Halloween a hit on Elm

CARLSBAD — The second annual Halloween on Elm was all about a safe Halloween for children, families and all to enjoy. The Oct. 29 event, hosted by the city of Carlsbad, offered a spooktacular time in the Village.
Children dressed in costumes scampered into businesses displaying giant candy corns at the entrances. The candy corn sign meant the children were steps away from some good old fashioned trick-or-treating. More than 40 businesses participated in the treat bag filling fun.
“One of the best parts about this event is that it is free for residents and those folks in neighboring cities are welcome to come,” said Courtney Enriquez, event project manager and managament analyst for the city of Carlsbad. “It’s great we can provide something like this and in a safe enviroment, too.”
The event started in the early afternoon hours. In between some serious trick-or-treating, a line formed at the costume contest registration area.
When the children needed to rest their feet, or parents needed a breather from chasing them down, the little ones made a beeline to the hands-on art activities center where their imaginations soared.
After a bit of respite, the children were back on their feet again and muscled their way to the Halloween-themed carnival games or happily leaped into a jump house.
For those who were brave enough to enter, the Boys & Girls Club impressed with their eerie haunted house.
Some gathered around Carlsbad Librarian Ally Goodwin for magical storytelling time.
The costume parade offered entertainment for both participants and spectators. Vibrant colors and creative outfits were donned by children, adults and pets.
“The pet costume contest is very popular,” Enriquez said. “Residents love their animals.”
For the most part, Enriquez said, the activities basically stayed the same except for one. “The biggest event change is that last year we had an outdoor movie, and this year, we elected to go with live entertainment instead,” she said.
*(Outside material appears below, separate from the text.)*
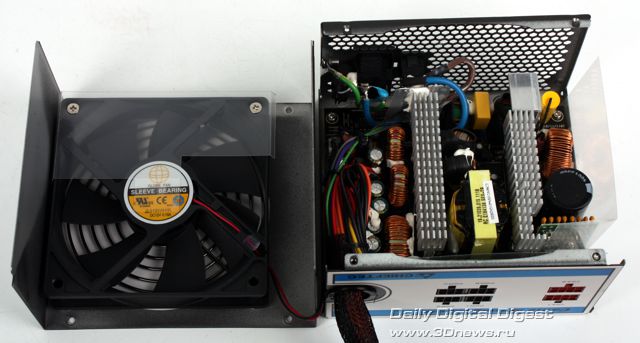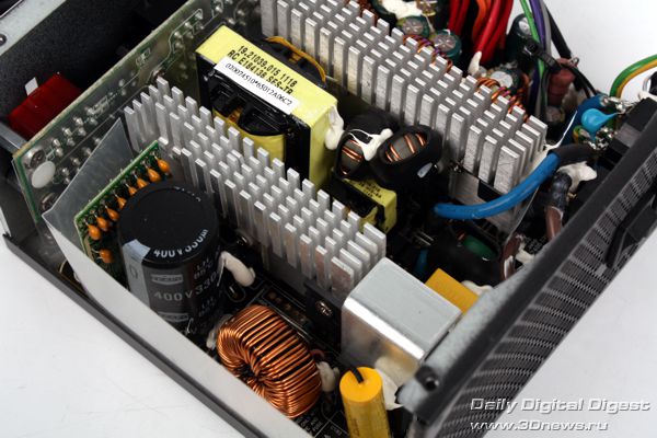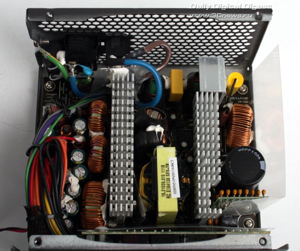 То есть в несъёмном виде выполнены только кабели, в любом случае используемые при конструировании системы, все остальные разведены модульным способом. ![]() Снимем кожух и рассмотрим внимательно конструктивное исполнение и систему охлаждения БП. ![]() Применённый в конструкции 7-лопастный 120-мм вентилятор c подшипниками скольжения имеет маркировку S1202512L и производится хорошо известной китайской компанией Globe Fan. Номинальное напряжение питания модели составляет 12 В, максимальный ток 0,18 А, максимальная скорость вращения 2000 об/мин, максимальный шум 34 дБ, максимальный воздушный поток 50 CFM, габариты 120х120х25 мм. Достаточно часто встречающаяся модель вентилятора во многих блоках питания мощностью 500-750 Вт. ![]() Внутренние воздушные потоки, как хорошо заметно на фото выше, формируются благодаря специальной накладке из прозрачного пластика, прикрывающей примерно треть поверхности лопастей. Компоновку БП нельзя назвать экстраординарной: типичная однотактная схемотехника первичного преобразования с большим электролитическим конденсатором ёмкостью 330 мкФ и рабочим напряжением 400 В, отдельная плата модуля защиты. Популярная нынче схема DC-DC-преобразователя для шин +3,3 В и +5 В не просматривается, из чего напрашивается логический вывод: высокого КПД удалось достичь традиционными средствами, сэкономив, но при этом пожертвовав лишь поддержкой неевропейских питающих силовых цепей. ![]() В плюсы конструкции можно записать тот факт, что ради снижения себестоимости производства в Chieftec всё же не пошли на ухудшение качественных характеристик выходных напряжений: все (или подавляющее большинство) фильтрующие компоненты запаяны, конструкция не выглядит "выщипанной", как это часто бывает с блоками питания OEM-серий. Разводка и экранировка выходных кабелей питания, пайка компонентов, изоляция, крепёж выполнены безупречно. ![]() ⇡#Методика тестированияСо времени наших последних статей о блоках питания методика тестирования, применяемая в нашей лаборатории, изменений не претерпела. Ознакомиться с ней в полном объёме можно, например, в этой статье. График, составляемый по результатам исследования коэффициента полезного действия тестируемых блоков питания, содержит эталонные показатели по стандартам семейства 80PLUS, а также минимальные требования базового стандарта ATX12V версии 2.2. ⇡#Результаты тестированияЗаполняем параметры нагрузки тестового стенда согласно маркировке модели. ![]() Результаты испытаний в автоматическом кросс-нагрузочном режиме показали, что CTG-650C демонстрирует стабильность во всём диапазоне нагрузок, хотя оптимальные результаты всё же показывает при большой или максимальной нагрузке ключевых каналов питания. ![]() Тестирование БП в режиме статической нагрузки с ручной регулировкой, проведённое в процессе снятия характеристик для построения графика КПД, подтвердило уже полученный результат: минимальное (один-два процента) отклонение от номинальных напряжений наблюдается при максимальной нагрузке. Более того, в процессе снятия характеристик мы кратковременно перегрузили 12-вольтные шины выше паспортных значений (в процессе эксперимента – более 700 Вт на протяжении примерно 20 минут), и даже при такой критической нагрузке полученные результаты оставались на высоте. ![]() Построенный в результате замеров график зависимости КПД от ур

And that amusement was provided by a group called Raggle Taggle, who performed a Halloween Bucaneer Pirate Show.
Last year, Enriquez said, the city was caught off guard as to how popular the event was going to be. It attracted nearly 5,000 people. Crowds this year were estimated to be as big if not bigger.
Those numbers meant street closures in the Village.
“The safety of the event has increased tremendously,” she said.
The most common feedback Enriquez has heard about the event is how appreciative residents are that there is a safe environment for families to go during the Halloween season.
Local businesses in the Village were excited about the day because it brought in a lot of foot traffic.
“We’re not only providing a family event, but it also brought people to the Village stores,” she said. Enriquez pointed out that even though visitors might not have been making purchases that evening, more than likely, they will return for some shopping during the holiday season.
“The event brings general awareness to the area,” she said. “A lot of people got involved this year and it’s great to see the community participate because the partnership makes it a much richer event.”